In our study, we observed an increased risk among previous HRT users compared with nonusers. This could be a result of sudden estrogen withdrawal, which may cause vasoconstriction and potentially trigger stroke events in women at high risk of stroke, as the vasodilatory effects of estrogen abruptly drop.38,39 However, it is also possible that atherosclerotic lesions are built up during treatment as a result of various processes, including elevated C-reactive protein levels during HRT use,40 and that these lesions remain and result in higher stroke risk persisting also after discontinuation.
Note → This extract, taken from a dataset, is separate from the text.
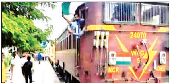
स्टेशन पर खड़ी ट्रेन।

कोरोना से पहले तक एट जक्शन में बॉम्बे बीटी, साबरमती समेत आधा दर्जन एक्सप्रेस ट्रेनों का स्टॉपेज था, मगर कोरोना काल में ट्रेनों का संचालन बंद कर दिया गया, पुनः ट्रेनों का संचालन तो शुरू हो गया मगर एक्सप्रेस ट्रेनों का एट स्टेशन का स्टॉप खत्म कर दिया गया है। जो आज तक शुरू नहीं हो

We observed no difference in stroke risk between nonusers and women who had ever initiated OC use. One of the largest studies to date on OC use and stroke risk was performed in a Danish cohort including >1.6 million women.8 They found a small but increased risk of stroke among current users, as well as short-term users (<1 year of use), but not among previous users. We obtained an HR of 2.49 during first year of OC use, while the risk with prolonged use was similar to the risk among nonusers. The majority of current users in the Danish study had used OCs for a short time interval suggesting that their results are potentially driven by short-term effects. A recent mendelian randomization study41 has shown that endogenous estrogen protects against thromboembolism and ischemic stroke among males. Although we did observe a decreased hazard of stroke among OC users as compared with nonusers when following participants until 2018, these results should be interpreted with care since no information on initiating and discontinuation of OC use was provided after assessment (2006–2010). Taken together, our results agree with an immediate increased risk of stroke, while the lifetime risk might not be that different between women who have been exposed to OCs and those who have not.

The potential existence of a window of opportunity to reduce cardiovascular disease risk by use of hormonal therapy is mainly supported by laboratory studies42 and studies on heart disease.35,43,44 In contrast, our results together with similar findings18 propose that the stroke risk is similar regardless of the timing of HRT initiation in relation to menopause onset. One suggestion for this distinction between heart disease and stroke is that thrombotic mechanisms play a larger role in causing stroke than heart disease in younger postmenopausal women.45 Nonetheless, our results are consistent with that entering menopause increases the risk of stroke among nonusers but women who are exposed to HRT have no additional increase in stroke risk when they enter menopause.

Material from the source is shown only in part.